La soluzione del problema

A cosa pensate quando correte? Beh, dipende…

La salomonica risposta appare ecumenica e scontata. In effetti, dipende dal momento in cui andate a correre. Il contesto “esterno” è però solo parte dell’equazione. Va infatti aggiunta anche la parte “interna”, cioè le nostre condizioni – diciamo – spirituali.

La mattina presto, ad esempio, a seconda del clima (e di come siamo abbigliati), induce a pensieri crepuscolari, in quel “magico” momento che segna il passaggio dall’ombra alla luce. Siamo animali “solari” e la luce contribuisce al nostro benessere. Tutto si vede in modo migliore possiamo salutare la nuova giornata con propositi positivi.

Già “sospendere” ogni giudizio (cosa estremamente difficile, tanto che è uno degli esercizi zen per esperti) e godersi l’attimo, ci predispone al benessere. Peccato, però, che appena molliamo la presa, la mente vorticosa ci assedia di questioni, piccole o grandi. Dal pensiero alla prossima gara, alle incombenze quotidiane , a … Un gorgo di pensieri che si giustappongono, si intersecano, si innestano creando, a ogni passo, un puzzle diverso che non facciamo in tempo neppure ad iniziare che, messe poche tessere, sfuma nel successivo; e si ricomincia.

La corsa della sera, al contrario, è quella di “defaticamento”. Aiuta a chiudere la giornata faticando quel giusto che serve a scaricare a terra tutte le tossine accumulate. Le incazzature, le contrarietà, piccole o grandi, vengono sublimate nel sudore e consegnate alla storia (personale).

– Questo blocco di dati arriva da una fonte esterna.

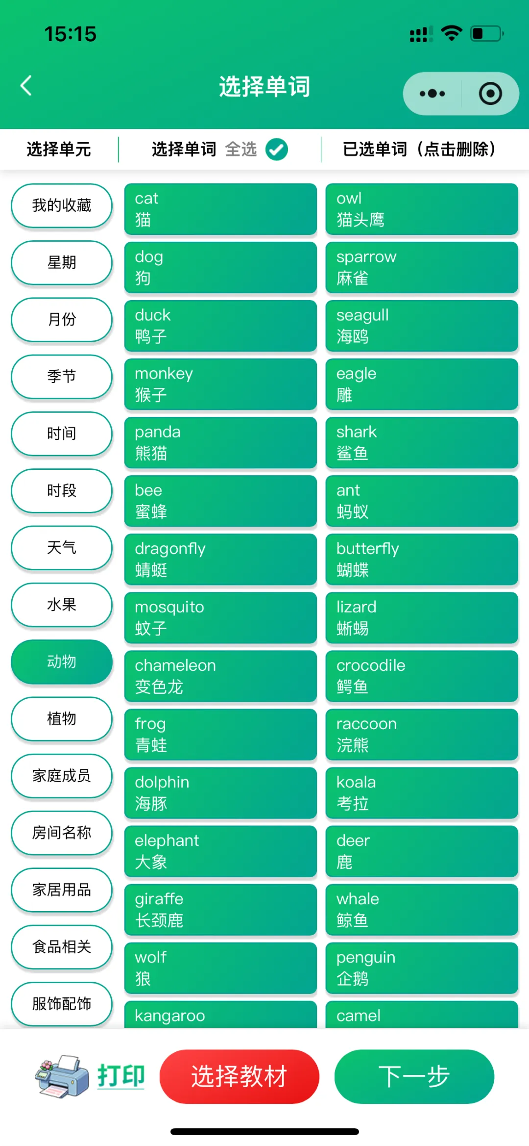 在【专题模块】里,『背单词花园』设置了日常生活中41个常用的单词类别,孩子可以自主选择类别下的单词,灵活组合“导学模式”和“测试模式”下多维度的练习方式,进行系统性的训练和记忆,全方位提升单词学习效果。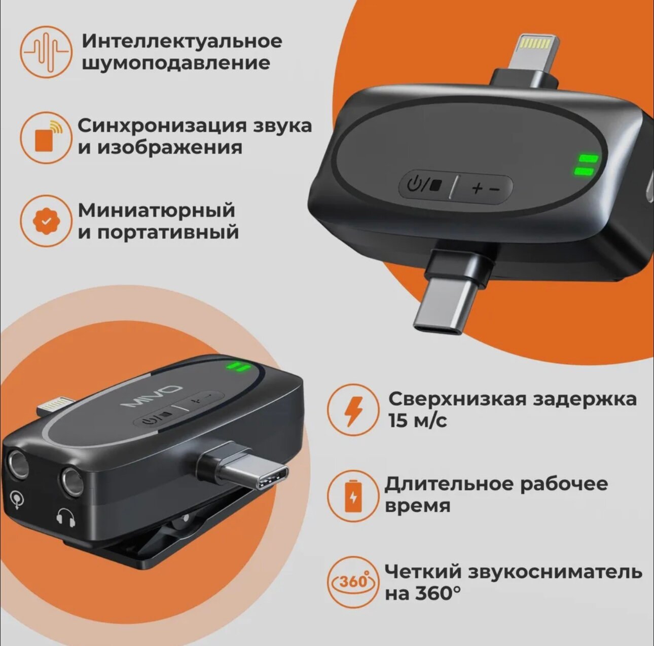 Микрофон петличный беспроводной для телефона Type-C и Lightning Mivo MK-630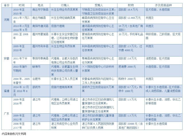 澎湃新闻记者梳理长春长生等公司卷入的这12起贿赂案发现,从疫苗企业“收好处”的基层防疫、疾控部门人员,往往会收取多家公司的“好处费”。

La “soluzione del problema” è invece il caso che riguarda me (ed altri come me). Siamo quelli che, per lavoro o per diletto, “ragionano” su problemi da risolvere. Il problema, per essere tale, deve creare qualche difficoltà (altrimenti non lo sarebbe) e, soprattutto, non avere una “risposta” unica. A partire dalla definizione del problema stesso, è la molteplicità delle sue articolazioni e delle possibili soluzioni che ci cruccia. Ad esempio, devo motivare l’assenza delle giornate/uomo prospettate in sede di approvazione del progetto. Come si fa a rendicontarle se mancano del tutto? Urge una “spiegazione” credibile – e sopravvenuta – che faccia fare bella figura e non renda palese che, sin dall’inizio, quelle declamate giornate non esistevano affatto.

Gli altri casi, almeno per me, riguardano i saggi (esposizioni di altro tipo, etc.) che mi chiedono. Dato che vengo pagato, devo prospettare qualcosa che valga la pena di essere ascoltata e che indichi una “via”. Provocare, nel lettore o nell’uditorio, la sensazione del: “Come mai non ci avevo pensato?” è una sfida probante. Sarebbe bello, infatti, avere – sin da subito – le idee chiare e qualcosa di interessante da costruire.

Vi confesso, al contrario, che manca sempre qualcosa: il tempo a disposizione, la conoscenza dell’oggetto del “contendere”, la voglia di affrontarlo, qualche soluzione interessante da proporre, etc. Una parte degli ingredienti sono parte integrante del “mestiere”; il resto, a me, arriva correndo.

Inizio la mia corsetta con l’obiettivo di “scaricare” (come sopra) senza dover finalizzare nulla di più.

Nel mentre, lo sforzo di un fisico che viaggia, più o meno, in automatico abbandona le scorie e fa sorgere alla mente un quadro, molto più brillante, di quello che nel substrato ci “preoccupa”.

La concatenazione dei pensieri, ad ogni passo, affina le possibilità, disegna quelle mappe in cui, ad ogni successivo passaggio, individuano i confini, i colori descrivono le diverse funzioni, le relazioni prendono forma. Dalla bidimensionalità, sorge la terza dimensione (e spesso anche una quarta, quella temporale): il “problema” è divenuto un solido. Un costrutto, con le stesse caratteristiche di un materiale che si può fondere, plasmare, sagomare e poi colorare e confezionare. Ora può anche essere presentato perché non è più un oggetto astratto ma si può “toccare” e, quindi, svilupparne la produzione.

La soluzione del problema. Per me è un passaggio di stato.